## Problem to work on
Retype word for word the lines of the data below, from the first to the one bearing "采用SMIC O.35μm CMOS工艺,本文设计的运放可以达到大约80", with that one included.

## Source information
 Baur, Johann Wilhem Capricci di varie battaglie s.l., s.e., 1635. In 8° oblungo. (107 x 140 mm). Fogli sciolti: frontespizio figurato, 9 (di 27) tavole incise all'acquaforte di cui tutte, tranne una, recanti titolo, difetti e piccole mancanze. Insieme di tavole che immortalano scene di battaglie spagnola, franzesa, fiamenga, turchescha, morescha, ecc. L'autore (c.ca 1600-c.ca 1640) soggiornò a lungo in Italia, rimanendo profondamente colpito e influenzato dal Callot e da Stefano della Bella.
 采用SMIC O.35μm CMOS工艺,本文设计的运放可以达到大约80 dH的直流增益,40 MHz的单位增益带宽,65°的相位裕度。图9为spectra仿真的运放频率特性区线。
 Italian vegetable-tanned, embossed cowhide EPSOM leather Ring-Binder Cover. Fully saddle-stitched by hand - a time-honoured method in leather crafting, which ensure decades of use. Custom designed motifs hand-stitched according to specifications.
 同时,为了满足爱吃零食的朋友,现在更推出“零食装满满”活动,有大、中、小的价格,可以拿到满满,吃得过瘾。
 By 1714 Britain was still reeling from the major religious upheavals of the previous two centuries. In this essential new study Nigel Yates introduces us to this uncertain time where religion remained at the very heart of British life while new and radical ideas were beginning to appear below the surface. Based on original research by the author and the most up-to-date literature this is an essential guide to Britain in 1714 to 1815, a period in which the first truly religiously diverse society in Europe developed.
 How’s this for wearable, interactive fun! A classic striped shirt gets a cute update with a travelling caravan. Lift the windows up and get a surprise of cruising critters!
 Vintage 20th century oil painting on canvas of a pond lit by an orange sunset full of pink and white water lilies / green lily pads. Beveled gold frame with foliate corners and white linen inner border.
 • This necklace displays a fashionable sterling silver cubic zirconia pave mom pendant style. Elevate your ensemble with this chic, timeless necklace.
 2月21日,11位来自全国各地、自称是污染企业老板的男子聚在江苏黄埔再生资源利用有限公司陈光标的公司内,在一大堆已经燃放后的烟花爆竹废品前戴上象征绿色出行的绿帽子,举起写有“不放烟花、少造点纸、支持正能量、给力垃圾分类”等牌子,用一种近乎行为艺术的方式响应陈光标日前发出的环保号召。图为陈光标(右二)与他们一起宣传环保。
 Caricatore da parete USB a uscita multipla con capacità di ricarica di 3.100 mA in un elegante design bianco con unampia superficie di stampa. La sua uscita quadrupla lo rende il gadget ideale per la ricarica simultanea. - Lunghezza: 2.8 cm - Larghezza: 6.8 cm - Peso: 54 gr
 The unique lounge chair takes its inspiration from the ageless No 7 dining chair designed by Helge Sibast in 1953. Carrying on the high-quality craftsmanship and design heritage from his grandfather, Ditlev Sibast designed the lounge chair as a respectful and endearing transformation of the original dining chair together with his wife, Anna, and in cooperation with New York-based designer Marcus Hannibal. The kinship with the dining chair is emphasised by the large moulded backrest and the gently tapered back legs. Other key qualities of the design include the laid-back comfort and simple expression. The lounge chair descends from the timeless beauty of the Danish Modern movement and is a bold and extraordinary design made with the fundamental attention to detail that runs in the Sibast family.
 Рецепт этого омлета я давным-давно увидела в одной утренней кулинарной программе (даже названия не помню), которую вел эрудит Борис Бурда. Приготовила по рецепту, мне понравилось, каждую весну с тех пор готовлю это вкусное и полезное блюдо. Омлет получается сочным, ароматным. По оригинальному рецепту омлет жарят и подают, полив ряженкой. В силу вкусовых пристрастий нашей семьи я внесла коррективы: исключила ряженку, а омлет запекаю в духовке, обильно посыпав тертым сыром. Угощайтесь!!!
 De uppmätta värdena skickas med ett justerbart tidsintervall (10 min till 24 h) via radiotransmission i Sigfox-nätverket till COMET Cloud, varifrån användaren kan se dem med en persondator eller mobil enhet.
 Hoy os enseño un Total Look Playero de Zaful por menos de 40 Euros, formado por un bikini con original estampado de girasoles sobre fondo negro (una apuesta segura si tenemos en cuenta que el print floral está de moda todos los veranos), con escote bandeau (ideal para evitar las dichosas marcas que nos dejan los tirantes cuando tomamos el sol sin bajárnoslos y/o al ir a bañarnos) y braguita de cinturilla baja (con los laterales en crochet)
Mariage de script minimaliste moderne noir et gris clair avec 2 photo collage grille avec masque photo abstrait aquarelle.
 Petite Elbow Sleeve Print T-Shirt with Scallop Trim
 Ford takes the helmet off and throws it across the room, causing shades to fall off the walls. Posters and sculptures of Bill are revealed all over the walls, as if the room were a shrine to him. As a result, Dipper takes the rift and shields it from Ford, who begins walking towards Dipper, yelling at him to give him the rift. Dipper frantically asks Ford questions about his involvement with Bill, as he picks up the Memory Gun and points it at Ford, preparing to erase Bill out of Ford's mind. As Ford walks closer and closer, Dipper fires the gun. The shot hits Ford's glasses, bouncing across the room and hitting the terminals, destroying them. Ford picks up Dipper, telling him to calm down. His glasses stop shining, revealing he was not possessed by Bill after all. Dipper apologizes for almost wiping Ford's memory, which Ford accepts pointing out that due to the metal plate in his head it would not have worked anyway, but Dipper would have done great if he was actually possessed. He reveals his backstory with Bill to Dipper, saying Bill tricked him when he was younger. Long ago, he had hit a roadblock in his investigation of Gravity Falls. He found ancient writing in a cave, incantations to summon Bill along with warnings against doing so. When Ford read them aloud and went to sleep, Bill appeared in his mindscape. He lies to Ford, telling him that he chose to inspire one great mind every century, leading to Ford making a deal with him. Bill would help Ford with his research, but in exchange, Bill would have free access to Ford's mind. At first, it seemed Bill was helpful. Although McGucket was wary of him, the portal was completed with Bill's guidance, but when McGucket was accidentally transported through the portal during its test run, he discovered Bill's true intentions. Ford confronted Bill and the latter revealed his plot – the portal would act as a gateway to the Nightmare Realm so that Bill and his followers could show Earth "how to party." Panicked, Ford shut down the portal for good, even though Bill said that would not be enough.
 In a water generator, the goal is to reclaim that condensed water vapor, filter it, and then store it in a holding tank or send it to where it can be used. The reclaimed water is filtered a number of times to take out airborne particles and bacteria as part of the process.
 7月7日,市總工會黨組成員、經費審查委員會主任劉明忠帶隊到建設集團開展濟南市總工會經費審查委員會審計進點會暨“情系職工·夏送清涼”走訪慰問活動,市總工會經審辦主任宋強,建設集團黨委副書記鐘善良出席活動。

## Task response
 Baur, Johann Wilhem Capricci di varie battaglie s.l., s.e., 1635. In 8° oblungo. (107 x 140 mm). Fogli sciolti: frontespizio figurato, 9 (di 27) tavole incise all'acquaforte di cui tutte, tranne una, recanti titolo, difetti e piccole mancanze. Insieme di tavole che immortalano scene di battaglie spagnola, franzesa, fiamenga, turchescha, morescha, ecc. L'autore (c.ca 1600-c.ca 1640) soggiornò a lungo in Italia, rimanendo profondamente colpito e influenzato dal Callot e da Stefano della Bella.
 采用SMIC O.35μm CMOS工艺,本文设计的运放可以达到大约80 dH的直流增益,40 MHz的单位增益带宽,65°的相位裕度。图9为spectra仿真的运放频率特性区线。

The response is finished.